ブイが浮いていて、目安があるとはいえ、一応。
「いえ。大丈夫です」
縁子ちゃんにはすぐに断られた。
基本的に、バラバラになるのはよくないからな。それに、せっかく、皆で遊びに来ているのだし。そうでなければ、僕だって遠泳とか、ランニングとか、したいことはある。
あるいは、単純に恥ずかしがられただけか。
ひとしきりボールを突いた後は、一旦、空気を抜いて片付けておいて、四人で海に浸かりながら鬼ごっこをした。
範囲を区切ってやれば、離れ離れになり過ぎる心配もなかったし。
なのだけれど。
「お兄ちゃん、全然捕まらないね」
「私たちだけで鬼が回っている気がします」
そう言われても、小学生女子と高校生男子では、体力が違い過ぎるし。
弥生先輩は、女子とはいえ、高校生で、先輩だけれど、紫乃や縁子ちゃんより、運動は得意ではなかったし。
そういう意味で、弥生先輩と小学生二人組は、いい感じのバランスが成立していたのだけれど。
とはいえ、手を抜いたら手を抜いたで怒られたし。
「ええっと、じゃあ、いっそのこと、三人で鬼をやってみる? それなら、少しは勝負になるかもしれないよ? それだと簡単すぎて嫌かな?」
僕は捕まるつもりはないけれど、という感じを出しつつ提案すれば。
「縁子ちゃん、弥生さん」
「あそこまで言われて引き下がれないわね」
「協力して、空楽さんを捕まえましょう」
女子組は大分やる気になっていた。
というより、さっきより目が真剣だ。
一応、遊びのつもりで提案したのだけれど、いらない闘争心を煽り過ぎてしまったか。
「それじゃあ、お兄ちゃん。十数えたら追いかけるからね」
「浜に上がるのは反則ですから」
「時間制限はどうしますか? あまり長いと大変なので」
相手側は割と本気だった。
可愛い女の子三人に追いかけられるというのは、傍からいればかなり羨ましいシチュエーションであるはずなのに(まあそのうちの一人は妹だけれど)相手の瞳に映る闘志のせいか、別の意味でドキドキしてくる。
「お昼時になって、今いる人たちが引き揚げ始めるまでにしようか。それか、しびれを切らした日陽先輩が呼びにくるとか」
あいまいな基準だけれど、スマホがあるわけでもないからな。
どうせ近いからと、置いてきてしまった。水に濡れるのも困ったし。
「ですが、引き上げ時って、グループごとバラバラですよね。

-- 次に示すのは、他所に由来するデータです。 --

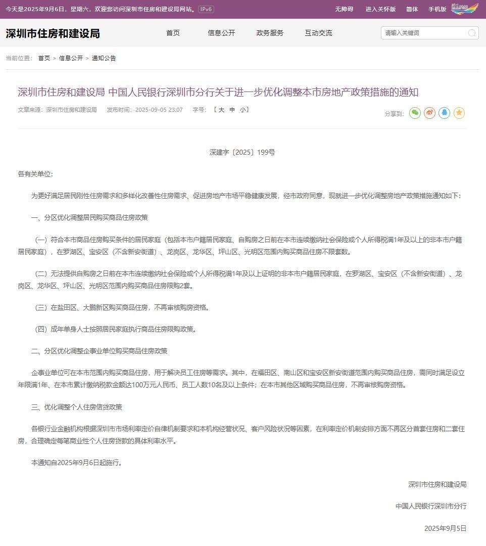 為進(jìn)一步滿足居民住房需求,促進(jìn)房地產(chǎn)市場(chǎng)平穩(wěn)健康發(fā)展,深圳市自2025年9月6日起優(yōu)化調(diào)整房地產(chǎn)政策,鹽田區(qū)、大鵬新區(qū)購(gòu)買商品住房不再審核購(gòu)房資格,其他部分區(qū)域也大幅放寬限購(gòu)條件。

最初の組、みたいにしてしまうと、短すぎる可能性もありますし」
「そういえば、今日は学院でも部活はやっているんですよね。運動部の方たちは。それなら、お昼のチャイムも鳴ったりするのではありませんか?」
縁子ちゃんが顎に指を当てていると、弥生先輩が学院のほうへ視線を向けた。
たしかに、よく耳をすませば、グラウンドから、野球部だか、サッカー部だか、練習中の声が聞こえてきている。
「では、チャイムが本当に鳴るのかはわかりませんけれど、鳴るか、あの掛け声が収まるか、それとも、そちらが疲れてギブアップになったら、終わりということにしましょう」
「もしくは、空楽さんが捕まったら、ですよ」
忘れないでくださいね、というように、縁子ちゃんが視線を鋭くする。
「そうだったね」
それじゃあ、と、皆が十数える間に、僕は泳いで距離をとらせてもらった。